Commodities Snapshot

A background overview of the major commodity markets.

With so much attention on commodity markets (namely Oil and Gold prices), over the past few months, it can be easy to overlook the broader Commodity space - markets such as Platinum, Copper, Coal or Natural Gas as just a few examples. All commodities are correlated, and the strength of those correlations tends to fluctuate in the same way normal prices do. Some of those correlations are caused by geographical or political factors such as China's consumption growth. Others are caused by economic factors such as the pricing of most commodities in US dollars. In the Middle-East for example, geo-political themes ebb and flow like a market in themselves – recent civil unrest in Egypt for example, has been a catalyst for oil prices to rise from $95 per barrel to over $108 today. Commodity price spikes tend to occur on fears of supply delivery or inventory shortage – the demand side is rarely to blame directly.

The charts below illustrate where the major commodities come from (production source), where they go (consumption destination) and for what they are used for (allocation).


China is both a large producer and large consumer – clearly, a fall in either aggregate Chinese demand or supply will affect the broader commodity markets given their correlations. But which commodities are worth most attention and are most at risk from severe declines if China happens to slow its production and demand? Its likely to be the commodities that have the highest levels of inventory and stored reserves while the commodities with the least will probably remain fairly reslient to broader commodity market declines and fall by less than the rest.



The major consumers of global commodities are China and the US. China is now by far a larger consumer of all commodities compared to the U.S. Its worth noting that 10-15 years ago, their positions were reversed. China has become the world's growth engine - in commodities. China consumes 80% of the world's aluminium, 85% of the world's tin and 60% of the world's zinc.

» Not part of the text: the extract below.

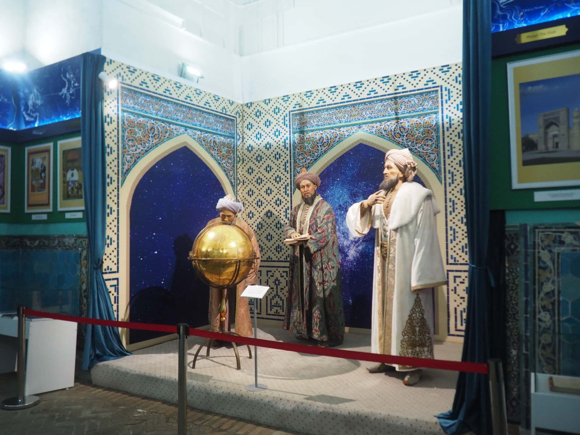 かつてモスクとして利用されていたとされる最奥部の広いスペースは現在博物館となっており、このメドレセで使われていた物や当時のモザイクタイル、ウルグベクの造った天文台、六分儀などが展示されています。

Commodity allocation shows that the majority of commodities are utilised in transport and construction. Even in the case of oil, 80% of all oil production goes into transportation. In the case of coal, over 90% of coal is used to power electric power stations - with urban populations rising across the World, demand for electricity is also expected to continue to rise. Despite being one of the most environmentally inefficient commodities, coal could be a commodity that remains resilient if Chinese demand slows significantly and rise faster than expected if China continues its >7% rate of growth.

All commodities are different, yet they are all correlated to a degree. By looking at the specific details of each commodity such as inventory size, production levels, demand location, industry allocation and so on, investors can derive good hedges against severe market volatility and potentially, as a hedge against inflation given the historic tendency for commodity prices to spike higher when widespread shortages occur.